Over the last decade or so, the value of Sri Lanka’s merchandise exports in particular has been oscillating without taking off. In 1990, Sri Lanka’s exports were $ 2 billion and were on par with that of Vietnam and Bangladesh. However, the two competitors had leapfrogged over the last three decades whereas the South Asian island had languished. In 2023, Vietnam’s exports were $ 355 billion and Bangladesh’s exports were $ 60 billion while Sri Lanka’s corresponding figure was a miserly $ 12 billion. In terms of service exports, one particular sector which demonstrated a considerable potential and progress was the IT/BPO industry. Unfortunately, during the economic crisis, many professionals in the IT sector left the island to explore better opportunities beyond the shores, resulting in a significant dearth of experienced professionals in the industry, dashing the high hopes the nation placed on the industry in terms of raising foreign exchange earnings.
The current Government’s institutional framework with regard to international trade and foreign investments is fraught with oversights. Ideally, the Department of Commerce, EDB, and the BOI need to be under the purview of the same ministry; however, the three vital institutions are currently functioning under separate ministries. The EDB has been gazetted under the Ministry of Industries and Entrepreneurship Development, which is also in charge of the Industrial Development Board (IDB) and many other agencies associated with local SMEs and industrialists. The IDB has a track record of lobbying the Government to restrict imports for the benefit of local industrialists. The isolation of the EDB from other parallel agencies and Industries Minister’s obsession with trade protectionism do not create the requisite ecosystem to drive the export agenda from the standpoint of State involvement.
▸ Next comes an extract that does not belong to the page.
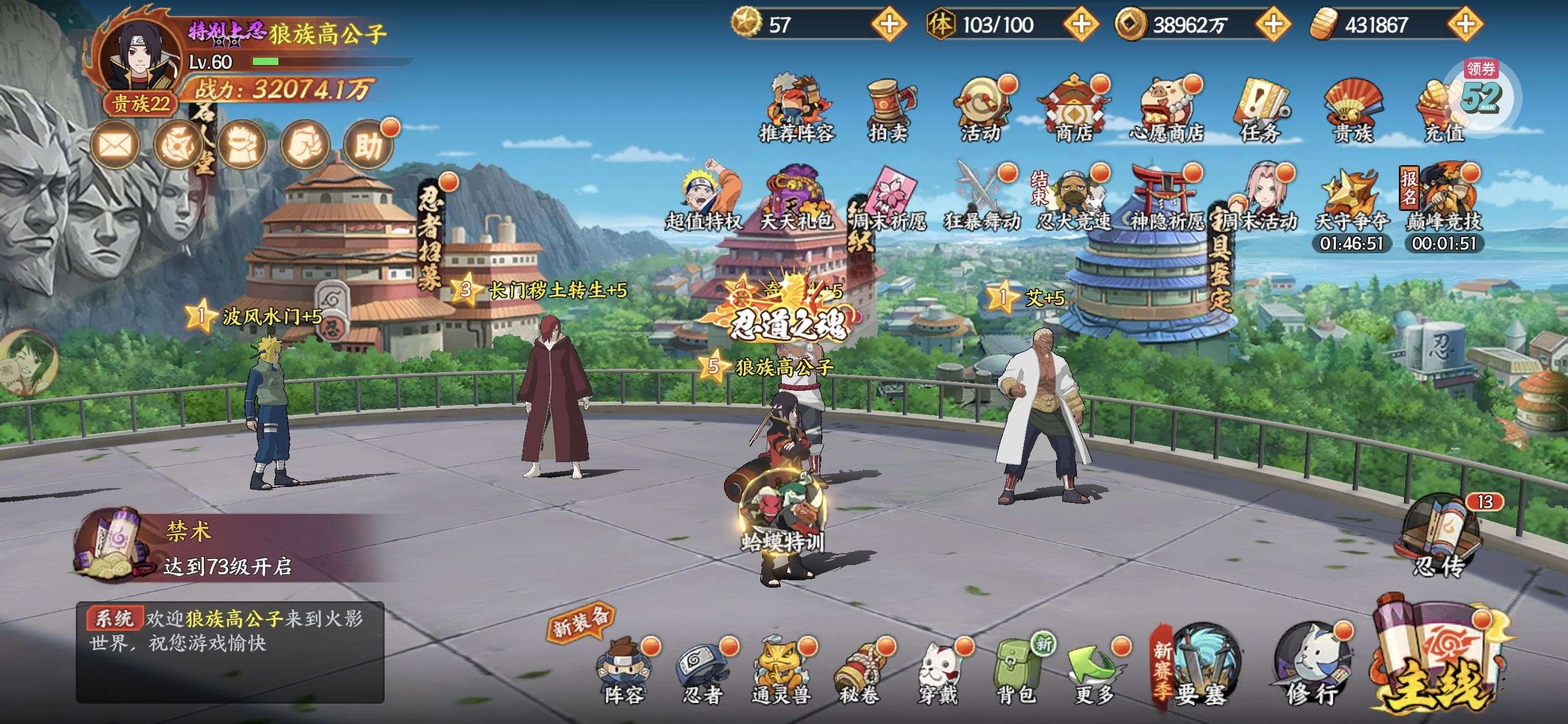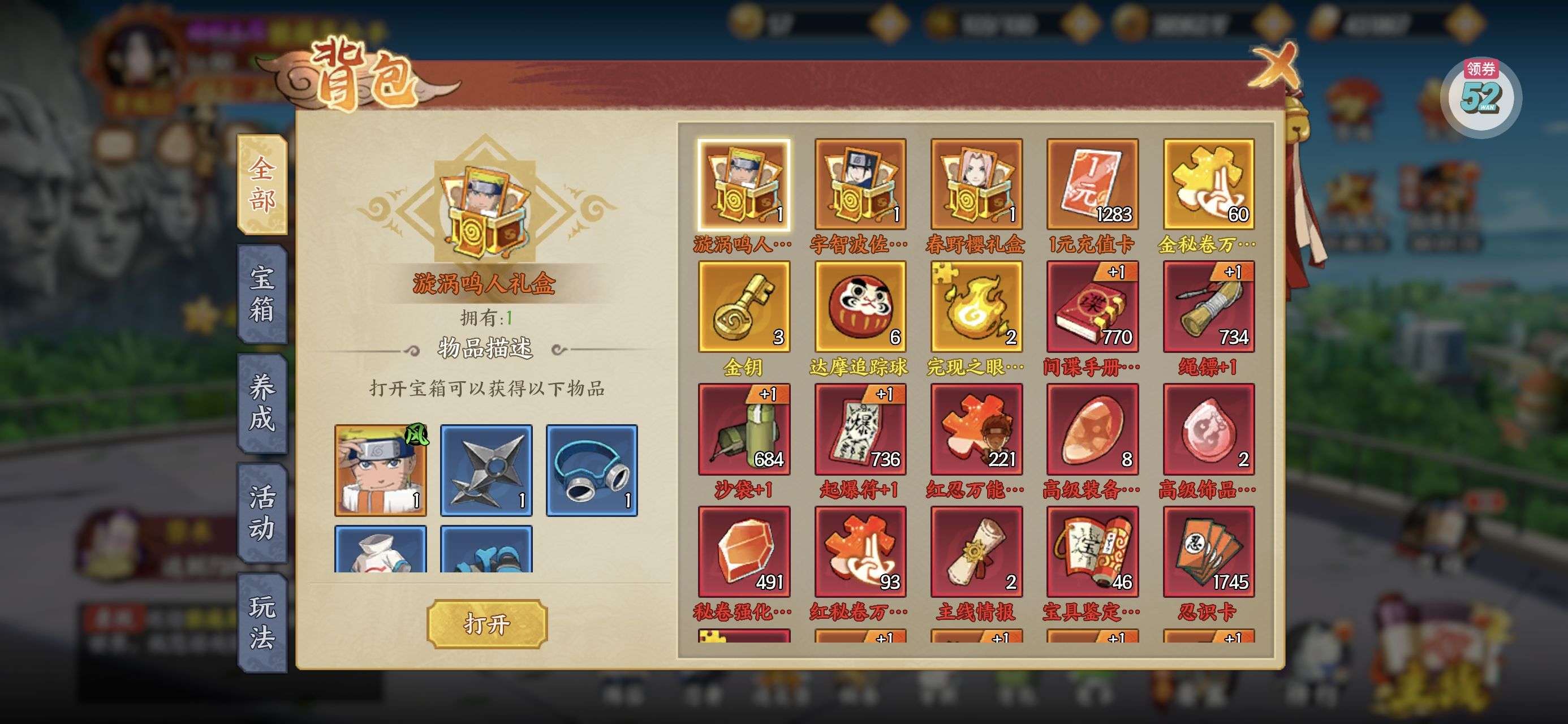 五阵营输出自选包*1、豪华材料自选礼包*2、高级忍法帖*20(每个账号限领一次)

Many commentators have enthusiastically advocated that the island needs to embark upon a path of industrialisation with a focus on high-end manufacturing to fundamentally transform the landscape of the export sector. Regrettably, our low power generation capacity as well as high energy costs discourage investments moving into high-end manufacturing sectors. Presently, manufacturing exports are dominated by low-end manufacturing segments like apparel, rubber products, and footwear and leather.
Instead of focusing on conventional forms of industrialisation, it would be more prudent for a country like Sri Lanka, which does not have a large labour pool, to connect with global production networks by leveraging its strategic geographic location and paying attention towards developing a skilled workforce equipped with specialised know-how and technical competencies. The Government also needs to fast track efforts to remove numerous barriers that serve as impediments in attracting foreign direct investments, which would enable to make headway in establishing linkages with global production networks.